2. More claimants means more benefits paid. My sense is that a lot of the "temporary" claimants would ultimately somehow convince the Administration that they need to be converted to longer-term or permanent disability. Once someone has their foot in the door, it's harder to get them off benefits.

Anonymous said...

Further to @1:58, a vastly larger number of people have temporary impairments than have long-term/chronic/permanent impairments. The universe of applicants and beneficiaries would very likely skyrocket.

Anonymous said...

Time limited benefits would save money. There is no mention of changing the definition of disability. It means MIEs and MIPs would be put in a new category of time limited benefits. MINEs would be "permanently" disabled. The MIRS standard would be eliminated. Those in time-limited benefits would have to reapply--under the standard in place at the time of their new application. The new application would amount to the CDR (now including work CDR) the applicant should have received. There is a possiblity that it could result in more appeals of the designation of being a MIE or MIP.

Important to note is most of these proposals do not advocate adding a new benefit for those whose disability is expected to last for under one year.

The same could be said of partial disability--available only to MIEs and MIPs--and more like welfare reform--some cash benefits with funds for training etc.

Anonymous said...

I'd like to see percentages of disability like the VA uses, or maybe 10% increments. That would give a lot of people some reduced income and encourage getting off disability at the same time. Even a 0, 50, 100 option would help claimants. I get a lot of unfavorable where its close enough that the judge would find some disability, just not 100%.

Anonymous said...


The stats shows that only a very small percentage of people who meet the current disability standards ever improve enough to sustain SGA. Last I looked a higher percentage die within 5-10 years of their grant than ever medically improve to a significant degree, due to the strict disability standards. That being the case, any "temporary disability" proposal is misguided and a poor fit for the reality of the situation.

Can you imagine what the claim backlog would look like if you dumped hundreds of thousands of more "temporary disability" claims on the already stressed and backlogged system? Maybe that is the true goal of the proposal. Kill the system by making it unworkable.

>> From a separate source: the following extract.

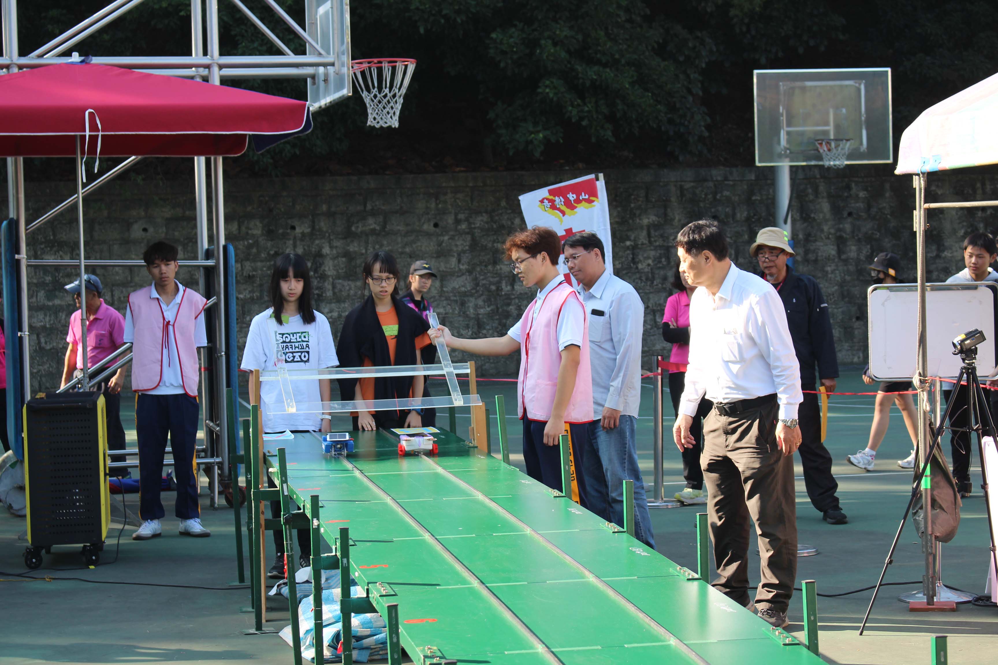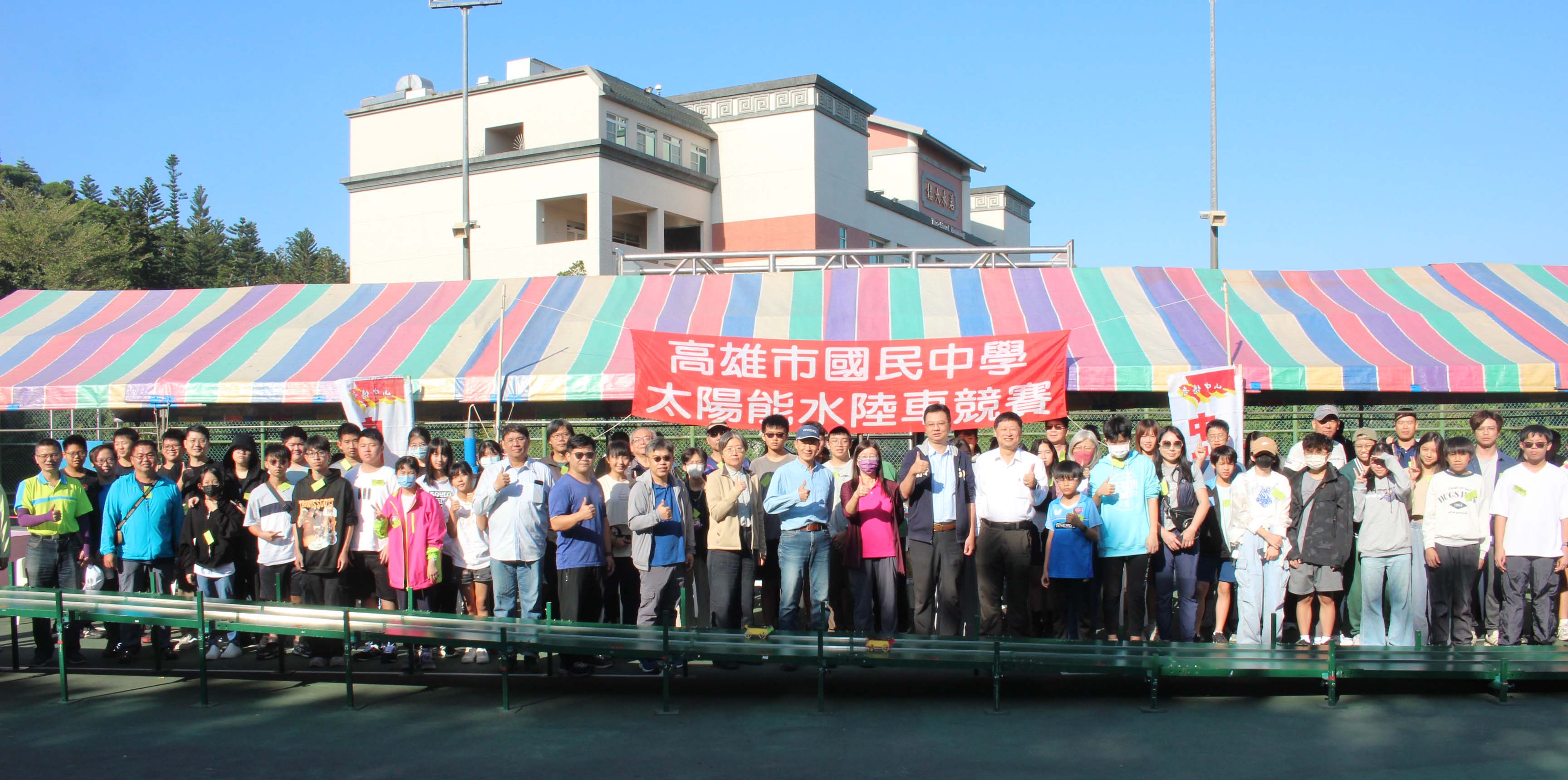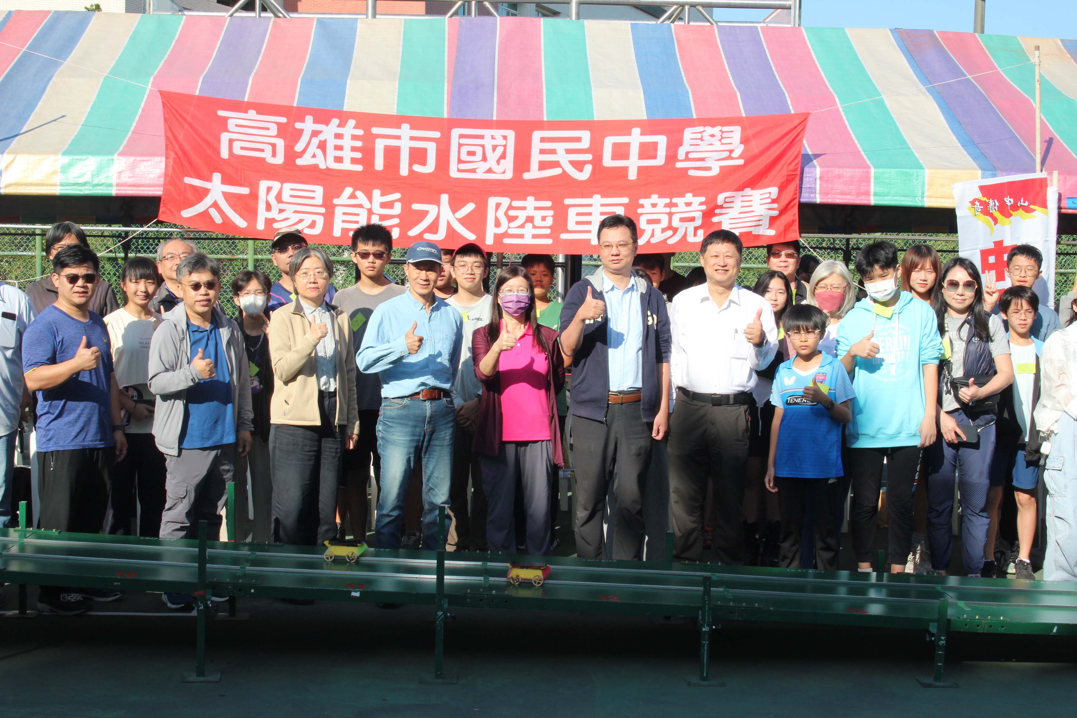 高市教育局114學年度國中太陽能水陸車競賽12月13日在中山工商舉行,26校、32隊、64名選手同場競技,最速抵達終點者勝出,教育局專委許佳晃、中山工商副校長劉盈芬等人參與開幕式,經分組對抗,左營區福山國中劉冠妤、蔡昀蓉「福山超跑」拿下第一名,鳳山國中張語珈、蔡旻芸「鳳翼飛馳」、岡山區前峰國中曾雉凱、蘇子翔「對」分獲二、三名。圖與文/高培德

Anyone who works with people with disabilities in this system will also recognize another problem. If you keep requiring people with significant disabilities to repetitively file complex paperwork, dotting all the i's and crossing all the t's to keep their benefits, many will eventually make mistakes and get cut off on technicalities despite still being legitimately disabled. Indeed, many will make such mistakes because of their disability. The result can be inhumane (e.g. people lose their health insurance, become homeless, sicken, etc., while fighting in the even worse backlogged system to get their benefits reinstated). That's a poor proposal that would fail at the purpose for which the Social Security system was created. It only makes sense if you don't care about helping people with disabilities, and just want to cut the size of government.

Anonymous said...

Allowing prospective closed periods (temporary disability) would at least allow those who have severe impairments such as treatable cancer, broken leg, etc., or those who say they just want insurance so they could get treated and get back to work - to get something. If they get denied, they are just going to re-apply again and again anyway. They do already.

Anonymous said...

Republicans just don't like Social Security plain and simple.